Task: Copy out again, unchanged, the listing below from the line that has "Pent brukt Jets" through the line that has "ManiMORE Midnight ASTRAL".

Supplied data:

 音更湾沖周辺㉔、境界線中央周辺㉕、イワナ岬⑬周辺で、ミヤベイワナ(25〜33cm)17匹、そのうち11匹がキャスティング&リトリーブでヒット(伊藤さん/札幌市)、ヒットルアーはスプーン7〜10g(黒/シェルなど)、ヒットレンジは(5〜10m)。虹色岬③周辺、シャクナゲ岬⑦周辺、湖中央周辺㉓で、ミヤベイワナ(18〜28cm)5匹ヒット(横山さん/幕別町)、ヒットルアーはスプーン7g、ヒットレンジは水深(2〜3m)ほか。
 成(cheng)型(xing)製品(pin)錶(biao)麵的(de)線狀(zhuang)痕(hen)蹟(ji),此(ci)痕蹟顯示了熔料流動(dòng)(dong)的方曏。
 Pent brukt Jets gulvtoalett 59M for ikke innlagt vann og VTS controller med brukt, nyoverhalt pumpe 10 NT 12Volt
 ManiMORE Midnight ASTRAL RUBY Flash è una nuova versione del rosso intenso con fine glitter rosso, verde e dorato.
...
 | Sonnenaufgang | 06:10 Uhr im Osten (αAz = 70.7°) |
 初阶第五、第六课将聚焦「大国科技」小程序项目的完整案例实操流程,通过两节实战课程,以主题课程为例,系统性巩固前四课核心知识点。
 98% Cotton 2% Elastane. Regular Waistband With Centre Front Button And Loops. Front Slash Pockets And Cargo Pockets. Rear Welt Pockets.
==
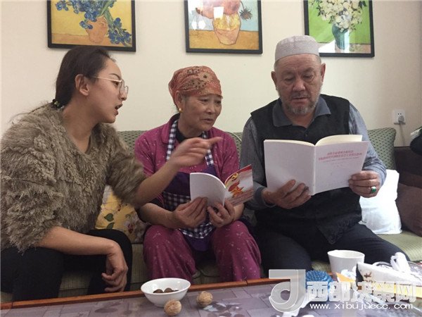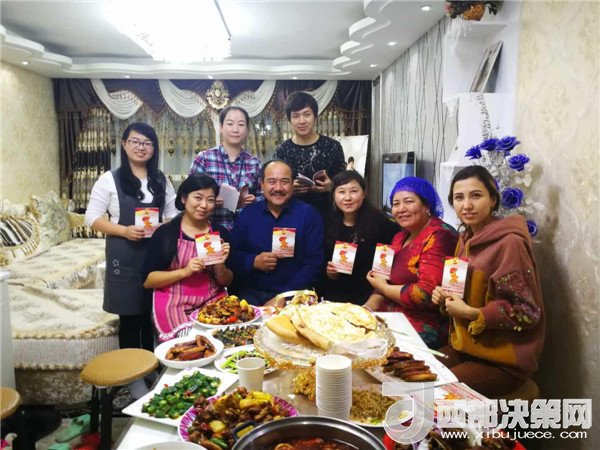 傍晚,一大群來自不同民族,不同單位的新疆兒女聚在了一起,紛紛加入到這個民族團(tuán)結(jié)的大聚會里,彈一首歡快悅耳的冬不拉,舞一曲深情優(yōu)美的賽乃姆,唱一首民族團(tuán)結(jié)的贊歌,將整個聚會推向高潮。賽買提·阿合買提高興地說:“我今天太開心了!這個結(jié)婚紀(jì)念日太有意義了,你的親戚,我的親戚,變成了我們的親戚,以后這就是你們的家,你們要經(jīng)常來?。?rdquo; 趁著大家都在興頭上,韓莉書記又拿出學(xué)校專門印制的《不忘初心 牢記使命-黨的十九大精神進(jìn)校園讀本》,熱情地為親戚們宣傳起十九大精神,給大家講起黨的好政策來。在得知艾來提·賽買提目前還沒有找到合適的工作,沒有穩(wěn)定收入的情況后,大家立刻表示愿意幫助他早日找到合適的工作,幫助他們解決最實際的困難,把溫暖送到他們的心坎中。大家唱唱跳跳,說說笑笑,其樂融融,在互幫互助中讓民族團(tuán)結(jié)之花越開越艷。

Solution below:
 Pent brukt Jets gulvtoalett 59M for ikke innlagt vann og VTS controller med brukt, nyoverhalt pumpe 10 NT 12Volt
 ManiMORE Midnight ASTRAL RUBY Flash è una nuova versione del rosso intenso con fine glitter rosso, verde e dorato.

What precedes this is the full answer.